Cause-specific admissions
There was strong evidence that people with eating disorders had elevated rates of admissions across all physical health-related causes. Rate ratios were most elevated for admissions for accidents, injuries, and substance misuse (mIRR: 5.26, 95%CI: 5.24 – 6.29), followed by emergency admissions (mIRR: 1.67. 95%CI: 1.62 – 1.72), and planned admissions (mIRR: 2.35, 95%CI: 2.25 – 2.46). Overall, we observed this pattern across all diagnoses (Table 4).

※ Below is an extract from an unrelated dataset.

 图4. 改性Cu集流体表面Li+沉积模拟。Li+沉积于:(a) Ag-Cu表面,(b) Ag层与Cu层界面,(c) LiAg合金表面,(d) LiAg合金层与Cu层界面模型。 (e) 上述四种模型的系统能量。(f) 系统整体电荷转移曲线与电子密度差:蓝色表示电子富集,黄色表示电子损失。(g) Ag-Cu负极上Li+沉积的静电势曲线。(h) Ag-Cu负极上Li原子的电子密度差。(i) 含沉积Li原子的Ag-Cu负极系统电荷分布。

Patients with anorexia nervosa (mIRR: 7.07, 95%CI: 6.20 – 8.05) and bulimia nervosa (mIRR: 6.42, 95%CI: 5.53 – 7.42) had the most elevated rate ratios for emergency admissions for accidents, injuries, and substance misuse, whereas other emergency admissions were most elevated for patients with anorexia nervosa (mIRR: 3.11, 95%CI: 2.89 – 3.34) and EDNOS (mIRR: 2.49, 95%CI: 2.32 – 2.66). Incidence rate ratios of planned admissions were highest for patients with EDNOS (mIRR: 2.16, 95%CI: 2.05 – 2.23, Table 4).
With the exception of ear disorders, where admissions rates were low or comparable between people with and without eating disorders, the former had higher rates of physical health admissions for all other ICD-10 broad categories of disorders. People with eating disorders had particularly elevated rates of endocrine disorders (especially those with anorexia nervosa), disorders of the digestive and genitourinary systems. People with bulimia nervosa had the highest rates of cardiovascular diseases and those with anorexia nervosa and EDNOS the highest rates of cancer (Supplemental Table 1).

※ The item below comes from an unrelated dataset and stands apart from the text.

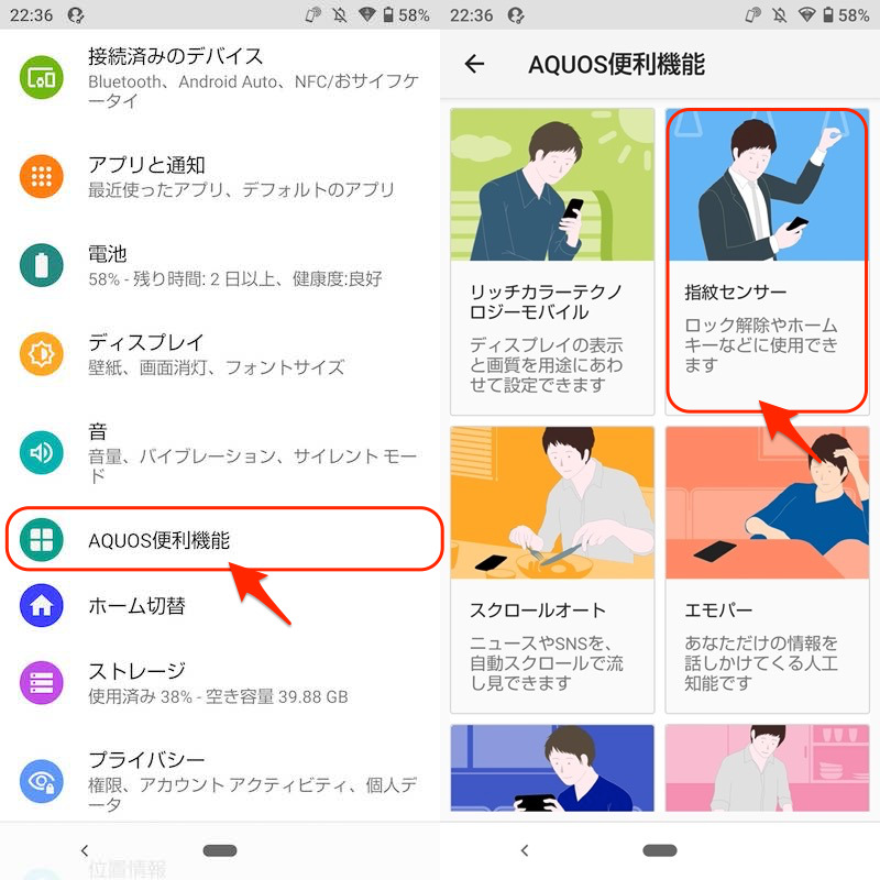 从设置AQUOS实用功能→指纹传感器如果您继续

Interactions with socio-demographic characteristics
There was evidence (interaction p=0.01) that the association between having any eating disorder and any physical health admission was more pronounced in males (mIRR: 2.28, 95% CI: 2.07 – 2.51) compared to females (mIRR: 1.97, 95%CI: 1.91 – 2.33). There was also weak evidence that this association varied by IMD (interaction p=0.06) – with some evidence of more elevated rate ratios in those living in the more deprived areas although 95% confidence intervals mostly overlapped (Table 5). There was no evidence of other interactions.
Table 5.
Stratified analyses for the association between any eating disorder diagnosis and admissions for physical health problems. P-values presented refer to those for the interaction between exposure (any eating disorder diagnosis vs no eating disorder) and socio-demographic characteristics fitted in the multivariable Poisson regression analyses of all-cause mortality presented in Table 4. Analyses based on the main analytical sample (n=58,735).
| Multivariable model Incidence Rate Ratio (95% CI) | p-value for interaction | |
|---|---|---|
| Gender*diagnosis | ||
| Females | 1.97 (1.91-2.33) | 0.01 |
| Males | 2.28 (2.07-2.51) | |
| Ethnicity*diagnosis | ||
| White | 1.99 (1.93-2.05) | 0.42 |
| Ethnic minority | 2.00 (1.79-2.23) | |
| Age*diagnosis | ||
| 11-20 | 2.03 (1.92-2.13) | |
| 21-30 | 1.83 (1.73-1.94) | |
| 31-40 | 2.39 (2.24-2.55) | 0.36 |
| 41-50 | 2.03 (1.89-2.18) | |
| 51-60 | 1.63 (1.48-1.80) | |
| IMD*diagnosis | ||
| 1st (least deprived) | 1.96 (1.85-2.09) | |
| 2nd | 1.81 (1.72-1.94) | |
| 3rd | 2.12 (1.99-2.26) | 0.06 |
| 4th | 2.02 (1.90-2.15) | |
| 5th (most deprived) | 2.09 (1.96-2.23) | |
| Year*diagnosis | - | 0.81 |
List of abbreviations: CI= confidence interval
Sensitivity analyses
When we repeated the all-cause mortality analyses in the full primary care sample regardless of secondary care linkages and IMD data availability (N=167,630), results were comparable to those of the main analyses, but 95% confidence intervals were more precise around the estimates (Tables 2, 3). In contrast to the main analyses, here we observed strong evidence of increased mortality rates in patients with bulimia nervosa (mHR: 1.42, 95%CI: 1.05-1.91) and in those who only ever received a referral code (mHR: 1.57, 95%CI: 1.05 – 2.37), compared to people without eating disorders.
Discussion
In this large cohort study using primary care electronic health records linked to secondary care, we described patterns of mortality and physical health admission rates in people with eating disorders compared to a matched group of people without eating disorders. We found that people with anorexia nervosa had over three-fold rates of all-cause mortality compared with people without eating disorders, and that those with a generic eating disorder code, or EDNOS had up to two-fold increased rates. These findings from a population cohort corroborate previous literature based on samples of patients in secondary care settings showing elevated mortality rates in particular in those with anorexia nervosa.(1,5–7,12,13) Our study expands on these earlier studies by observing increased mortality in patients identified in primary care and across eating disorder diagnoses, including those considered as having sub-threshold levels of severity or lacked a distinct diagnosis.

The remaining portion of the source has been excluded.